Beatriz Gutiérrez-Gil1, Pamela Wiener1 and John L Williams1,2
1Roslin Institute (Edinburgh), Roslin, Midlothian, Scotland, UK Midlothian EH25 9PS, UK
2Current Address: Parco Tecnologico Padano, Via Einstein, Polo Universitario, Lodi 26900, Italy
An open access article from BMC Genetics 2007,
8:56 distributed under the terms of the Creative Commons Attribution License.
In cattle, the gene coding for the melanocortin receptor 1 (MC1R)
is known to be the main regulator of the switch between the two coat
colour pigments: eumelanin (black pigment) and phaeomelanin (red
pigment). Some breeds, such as Charolais and Simmental, exhibit a
lightening of the original pigment over the whole body. The dilution
mutation in Charolais (Dc) is responsible for the white coat
colour of this breed. Using an F2-Backcross Charolais × Holstein
population which includes animals with both pigment backgrounds, we
present a linkage mapping study of the Charolais dilution locus.
A Charolais × Holstein crossbred population was investigated for
genetic effects on coat colour dilution.
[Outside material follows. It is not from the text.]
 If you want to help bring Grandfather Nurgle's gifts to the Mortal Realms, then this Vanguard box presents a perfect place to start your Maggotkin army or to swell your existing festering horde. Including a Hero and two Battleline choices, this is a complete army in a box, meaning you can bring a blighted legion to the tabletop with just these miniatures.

Three different traits
representing the dilution of the phaeomelanin, eumelanin, and
non-pigment-specific dilution were defined. Highly significant
genome-wide associations were detected on chromosome 5 for the three
traits analysed in the marker interval [ETH10-DIK5248]. The SILV gene
was examined as the strongest positional and functional candidate gene.
A previously reported non-synonymous mutation in exon 1 of this gene, SILV c.64A>G,
was associated with the coat colour dilution phenotype in this resource
population. Although some discrepancies were identified between this
mutation and the dilution phenotype, no convincing recombination events
were found between the SILV c.64A>G mutation and the Dc locus.
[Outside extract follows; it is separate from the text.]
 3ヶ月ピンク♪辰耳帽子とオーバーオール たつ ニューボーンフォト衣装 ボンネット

Further analysis identified a region on chromosome 28 influencing the
variation in pigment intensity for a given coat colour category.
The present study has identified a region on bovine chromosome 5
that harbours the major locus responsible for the dilution of the
eumelanin and phaeomelanin seen in Charolais crossbred cattle. In this
study, no convincing evidence was found to exclude SILV c.64A>G
as the causative mutation for the Charolais dilution phenotype,
although other genetic effects may influence the coat colour variation
in the population studied. A region on chromosome 28 influences the
intensity of pigment within coat colour categories, and therefore may
include a modifier of the Dc locus. A candidate gene for this effect, LYST, was identified.